This article is part of our FanDuel MLB series.
What does Sunday bring to us? Well, it brings us 15 MLB games. The first one begins at 1:05 p.m. ET and we're basically a fourth of the way through the season. That means we can start to respect some sample sizes when it comes to generating DFS lineups. On to the recommendations!
Shane Bieber, CLE at SEA ($12,200): Bieber was a late addition, as I had John Means in this article until his start got pushed. So why not go with the one true ace in action Sunday? The reigning AL Cy Young winner produced an 1.63 ERA last year and has a 2.95 mark this season. He's an elite strikeout pitcher (career 11.39 K/9 rate) and the Mariners offer a largely punchless offense.
Huascar Ynoa, ATL at MIL ($8,400): Ynoa struggled on the road against the Cubs, but has been stellar otherwise. In fact, since that rough outing in Chicago, he's managed an 1.11 ERA in 24.1 innings across four starts. Milwaukee is near the bottom of the runs scored table, and a big reason for that is the second-lowest team batting average in the majors.
Alex Wood, SF at PIT ($7,500): Wood seems to be in the midst of a reclamation season in San Francisco, his first with the Giants. Through five starts, he's posted a 1.80 ERA, and even his FIP is 2.93. The Pirates finished last in runs scored last season and are down in the bottom-three in runs scored again this year, to the surprise of nobody.

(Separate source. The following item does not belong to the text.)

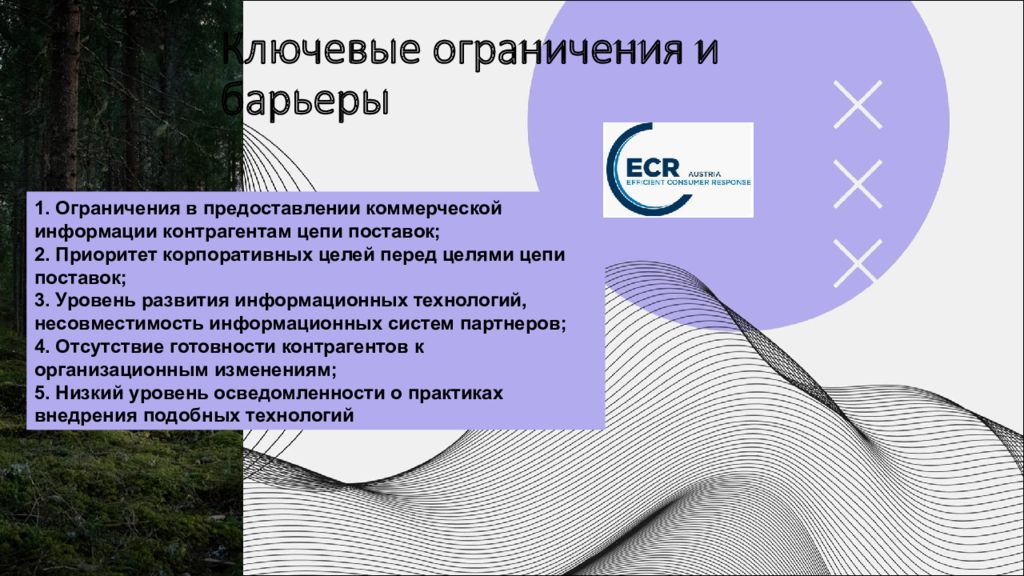 1. Ограничения в предоставлении коммерческой информации контрагентам цепи поставок; 2. Приоритет корпоративных целей перед целями цепи поставок; 3. Уровень развития информационных технологий, несовместимость информационных систем партнеров; 4. Отсутствие готовности контрагентов к организационным изменениям; 5. Низкий уровень осведомленности о практиках внедрения подобных технологий
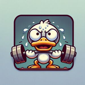 «2D icon duck struggling to lift weights»

Dylan Cease, CWS vs. KC ($7,400): Cease has improved his ERA every season. And through seven starts in 202, it sits at 2.80. Cease's strikeouts are also up and he's fanning 11.97 batters per nine innings. Pitching at home against a Royals team with an OBP floating around .300 bodes well for that to continue.
Jesse Winker, CIN at COL ($3,900): At least for now, Winker has emerged as one of the top targets for DFS players. He's slashed .346/.403/.606, and this is not some total fluke. The 27-year-old impressed with a .932 OPS last season. If that wasn't enough, the Reds are at Coors Field this weekend. That kind of power in this ballpark is a great opportunity, especially with Antonio Senzatela on the mound for Colorado.
Bo Bichette, TOR vs. PHI ($3,700): Bichette hasn't hit quite as well this season as in his first two. But considering he's produced a career .866 OPS, that's a pretty high standard. And even in a slow start, Bichette has hit eight homers and stolen seven bases. Chase Anderson enters with a 5.26 FIP for the Phillies, and last year struggled with a 6.15 mark as a member of the Blue Jays.
Mike Yastrzemski, SF at PIT ($3,000): Last year, Yaz was a pleasant surprise who found himself in way more fantasy baseball rosters than any anticipated by putting up a .968 OPS in 54 outings. He's missed some time this year and has gotten off to a slow start, but this is a tremendous matchup. Mitch Keller comes in with a 7.81 ERA, and since 2019 he's allowed lefties like Yastrzemski to hit .321 off of him.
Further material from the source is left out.